- Directed by: Edward L. Cahn
- Written by: Herbert Abbott Spiro
- Produced by: Edward Small (executive) Robert E. Kent
- Starring: Ron Foster Luana Patten
- Cinematography: Maury Gertsman
- Edited by: James Blakeley Grant Whytock
- Music by: Paul Sawtell Bert Shefter
- Production company: Premium Pictures
- Distributed by: United Artists (U.S.)
- Release date: May 25, 1960;
- Running time: 75 minutes
- Country: United States
- Language: English

= The Music Box Kid =

1960 film by Edward L. Cahn

The Music Box Kid is a low budget 1960 gangster film directed by Edward L. Cahn, starring Ron Foster and Luana Patten.

==Plot==
Set in 1920s New York, this story begins with Larry Shaw and Margaret Shaw having a housewarming party, where they meet Father Gorman as Larry is leaving to take care of business for Chesty Miller. Larry decides after finishing the job for Chesty that he has bigger plans in his future and demands a raise. Chesty decides to put Larry on the D and E (Discipline and Execute) squad to scare his rival Biggie Gaines, Larry finds this not suited to his goals and knocks out Bo, Chesty's enforcer and head of the D and E, Chesty after this makes Larry head of the D and E squad and gives him a machine gun also known as a music box. Larry begins his reign by terrorizing the streets of New York; this makes Chesty unhappy as his activities are being noticed by the media and the public is beginning to have a negative view of his gang until his rival "The Bug" calls and tells Chesty he will stay out of his way because he doesn't like the sound of that music box, earning Larry the nickname The Music Box Kid.

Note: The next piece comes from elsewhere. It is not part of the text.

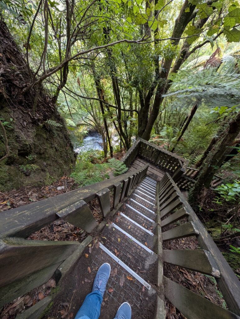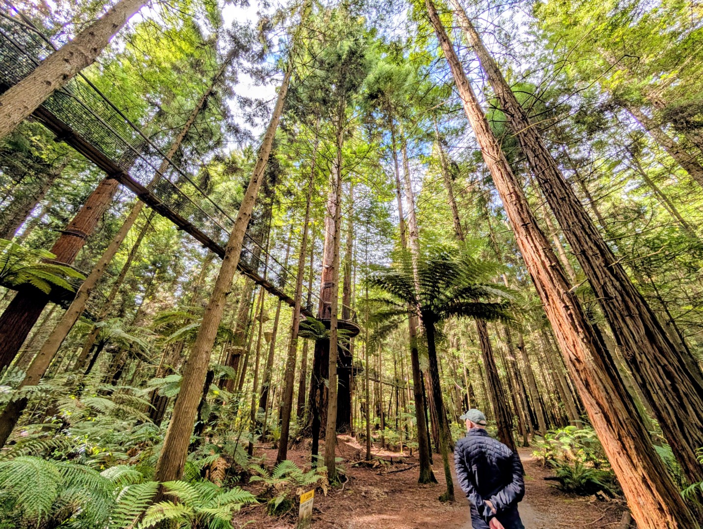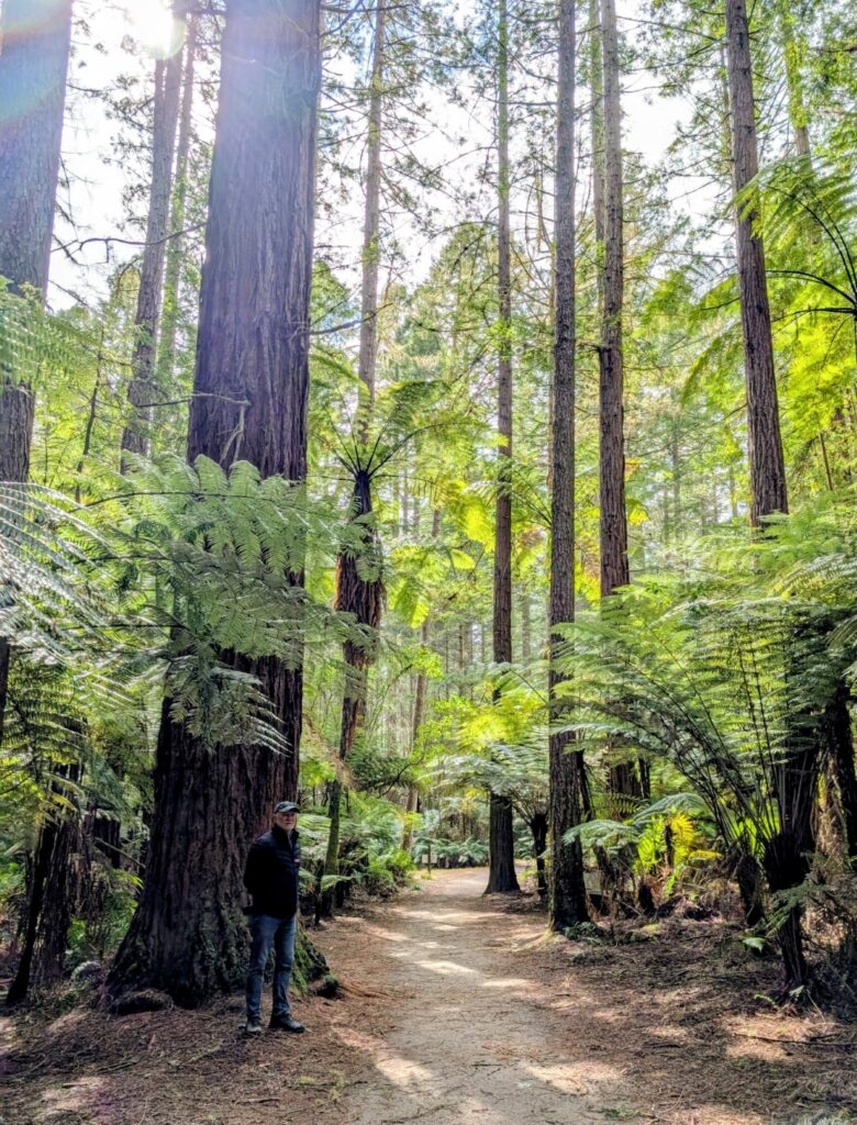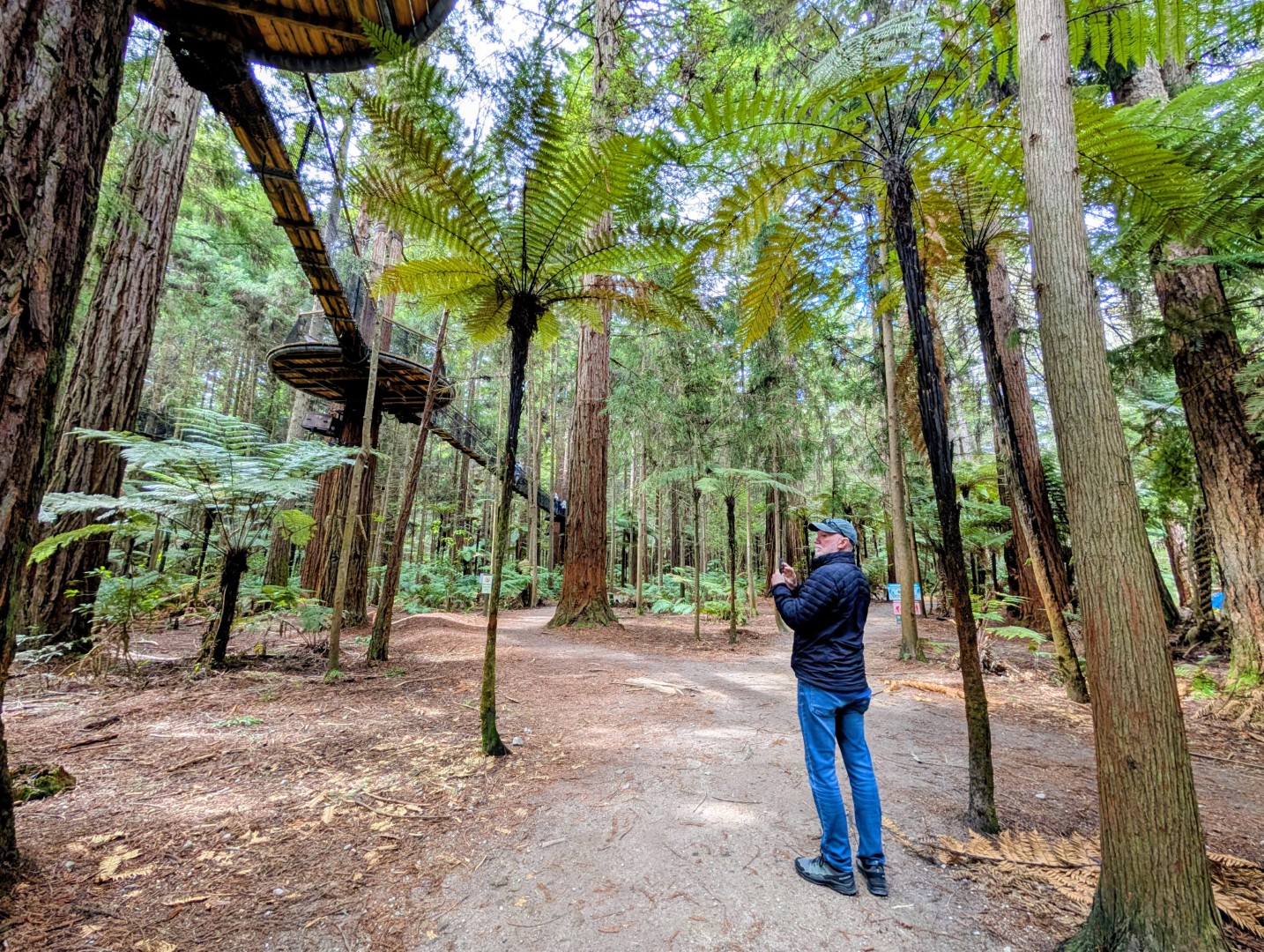 It was only a short drive from Whakerawerawera to the Redwood Memorial Grove that was our next item on the touring list for today. This huge forest of Californian Redwoods was planted in 1901, and they are now spectacularly tall with lovely undergrowth of native tree ferns and palms. The area is criss-crossed with walking trails and there is also a very popular “Treewalk” which is slung way up in the canopy. We were content to stay at ground level and really enjoyed a wander along one of the forest paths.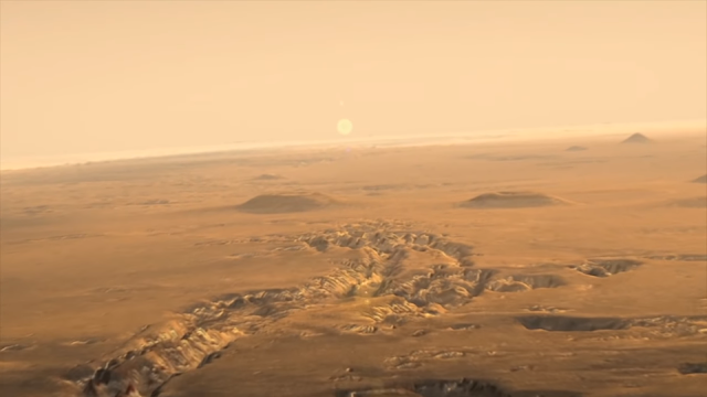 Depending on where the landing site was, the astronauts might see giant canyons, dry lake beds, ancient crators and huge shield volcanos like Olympus Mons which is the largest of it’s kind within our entire solar system, however these lonely alien landscapes might not be visible as Mars can experience intense storms that can kick up dust 25 miles into the air and can be big enough to cover the entire planet. The astronauts would feel cold as the average temperature of Mars is a frigid -63 degree celsius or -81 degree fahrenheit, but it can fluctuate to a warming 26 degree celsius along the equator during the martian midday summer.

After a short narration on the Prohibition, Larry is seen by a witness and is called in to see the District Attorney. Chesty provides Larry with a lawyer and this allows Larry to get away with no proof of his involvement as the witness says he can't be sure. Father Gorman, after hearing about the gang activity in the newspapers, goes to check on Margaret Shaw concerned with her well-being, as he suspects her husband Larry of being a gangster. Margaret learns that her husband is a gangster and that is why they can afford their lifestyle; she becomes terrified for her life. Later that night Larry calls a meeting of his most trusted accomplices and forms the Larry Shaw Enterprises gang, all while Margaret is listening in the kitchen. Larry's first business deal is with his former boss Chesty; he pitches a contract deal which would leave Chesty's gang blameless. Larry's gang becomes successful in dealing contracts to each of the gangs and as Larry becomes delirious with the power he kidnaps Biggie Gaines' right-hand man Pat Lamont and asks for a ransom. Tension increases as Larry and his gang continue to hit the other gangs where it hurts and at the same time tension between Larry and Margaret increase as Father Gorman tries to convince Margaret to tell everything she knows about Larry and his gang to George Gordon, the new chief hired to catch Larry and the other gangsters. Margaret refuses then later overhears Larry's plan to kill George Gordon and offer it as a contract to all the gang leaders for $1 million. Margaret, thinking of her unborn child, calls Father Gorman after Larry and his gang leave and relays the plan to Father Gorman. The next scene Larry is killed by a policeman in the scuffle and the film ends showing the fate of Margaret and Larry's son, who chose to become a Priest.

==Cast==
- Larry Shaw - 	Ron Foster
- Margaret Shaw - 	Luana Patten
- Chesty Miller - 	Grant Richards
- Tony Maldano - 	Johnny Seven
- Pat Lamont - 	 Carl Milletaire
- Father Gorman - 	Dayton Lummis
- Biggie Gaines - 	Bernard Fein
- Bo - Baynes Barron (Uncredited)
- George Gordon - Carlton Young (Uncredited)

==Critical reception==
TV Guide wrote, "this is a formula gangster flick, with clichéd situations and stereotyped characters. The direction is efficient, however, giving some polish to an otherwise standard piece. The cast gives the film a little soul as well with some spirited performances."